Solved
Contributor
Posts: 25

# Which word appears at most

Hi All,
Here is the original dataset:

data m01;

a="CGA  AMZN.COM   CA";output;

a="CHA  AMZN.COM   HK";output;

run;

Output dataset like:
Word

 CGA AMZN.COM CA CHA AMZN.COM HK

Any idea?

Here is mine:

data m02;

set m01;

an=translate(a,"@"," ");

run;

data m02_1;

set m02;

an=tranwrd(an,"@@","@");

run;

%macro REEE;

%do i=1 %to 10;

data m02_1;

set m02_1;

an=tranwrd(an,"@@","@");

run;

%end;

%mend;

%REEE;

data m03;

set m02_1;

bn=an;

No=_N_;

j=0;

do until(j=0);

j=find(bn,"@");

i=1;

Word=substr(bn,i,j-i);

i+j;

bn=substr(bn,i,j-i);

output;

end;

run;

In fact the original dataset contains thousands of merchants description,I want to break it down into words.

Accepted Solutions
Solution
‎02-25-2014 01:26 PM
Regular Contributor
Posts: 180

## Re: Which word appears at most

You can do this in only one step using functions COUNTW and SCAN specifing the blank as separator of words.

data want ;

length word \$ 20;

set m01;

do i = 1 to countw(a,' ');

word=(scan(a,i,' '));

output;

end;

run;

Regards,

All Replies
Valued Guide
Posts: 2,191

## Re: Which word appears at most

more _infile_ magic at http://www2.sas.com/proceedings/sugi28/086-28.pdf

shows a way to use the parsing of the input statement on data that comes from a table or data set variable.

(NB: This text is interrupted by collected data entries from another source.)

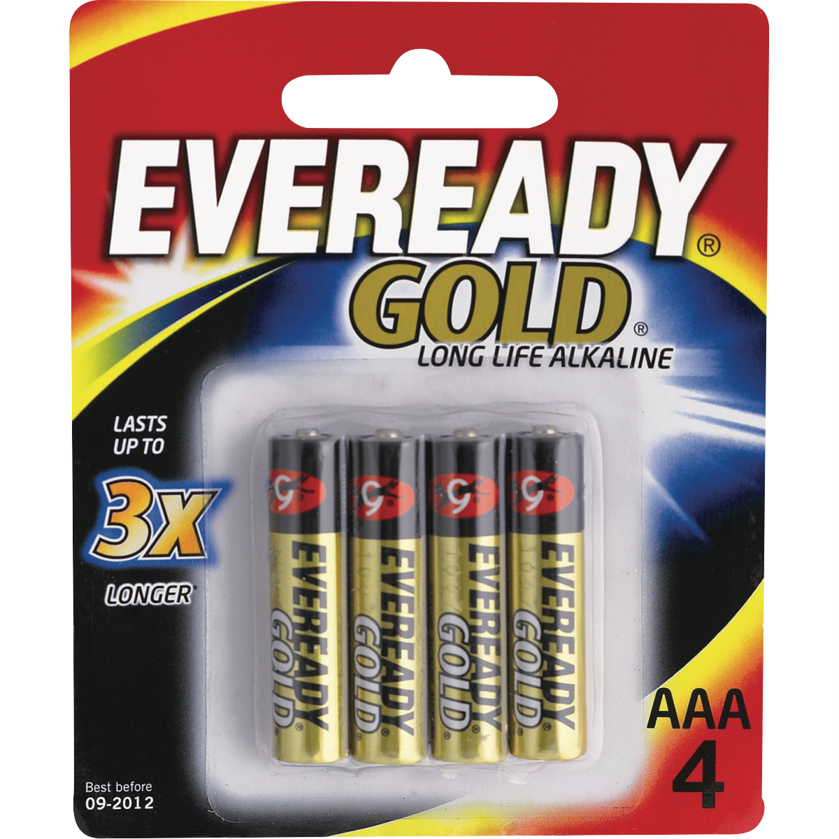 Power up your devices with the long-lasting performance of Eveready Gold AAA Batteries. These premium batteries provide reliable power for everything from remote controls to toys flashlights and more. The 4-pack of AAA batteries is ideal for households that go through batteries quickly. Eveready Gold batteries deliver up to 10 hours of continuous use in high drain devices giving you the confidence that your devices will keep working when you need them. Their sustained power output makes them a versatile choice for any AAA battery-operated device. Plus their leak-resistant construction protects your valued electronics. Bring reliable and long-lasting battery power into your home with the 4-pack of Eveready Gold AAA Batteries. The manufacturer's part number for this product is E300577300. Check out this battery pack today for your power needs.
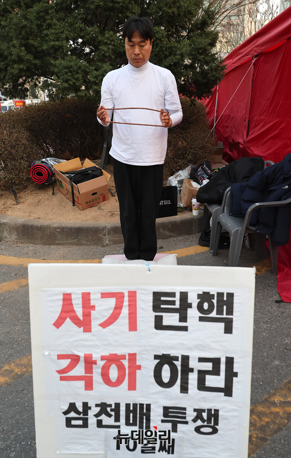 헌법재판소의 윤석열 대통령 탄핵심판 선고을 하루 앞둔 3일 오후 서울 종로구 안국역 인근에서 이종배 서울시의원이 탄핵반대 촉구 10번째 삼천배 투쟁을 이어가고 있다.
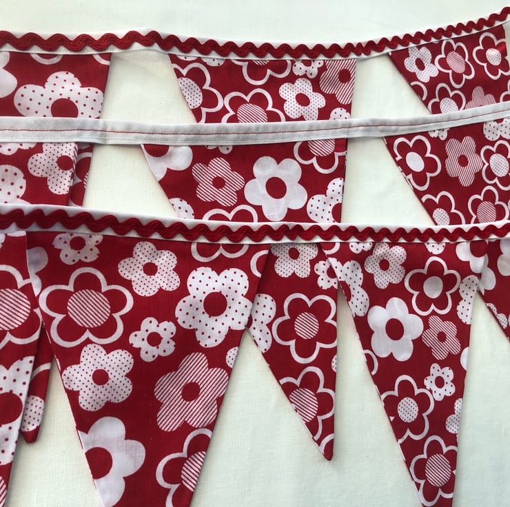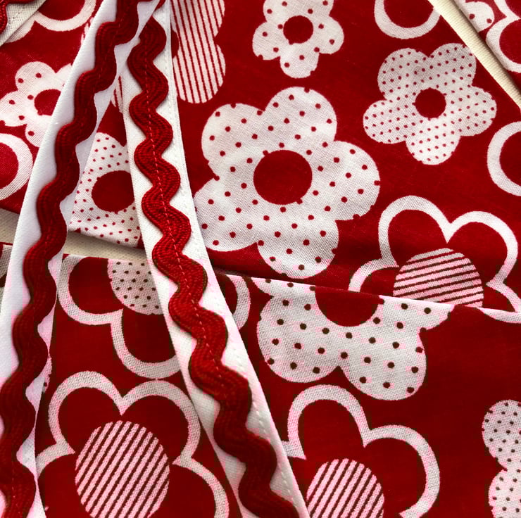 Bright and happy bunting featuring 13 cotton double sided flags made with bold 1970s style floral pattern fabric. Each flag measures 14 cm x 20 cm, and they are joined with white bias binding finished with a red wavy trim for a playful touch. Total length from end to end is 2.94 metres.

Then you can populate a hash table of word counters, in a single pass.

Solution
‎02-25-2014 01:26 PM
Regular Contributor
Posts: 180

## Re: Which word appears at most

You can do this in only one step using functions COUNTW and SCAN specifing the blank as separator of words.

data want ;

length word \$ 20;

set m01;

do i = 1 to countw(a,' ');

word=(scan(a,i,' '));

output;

end;

run;

Regards,

🔒 This topic is solved and locked.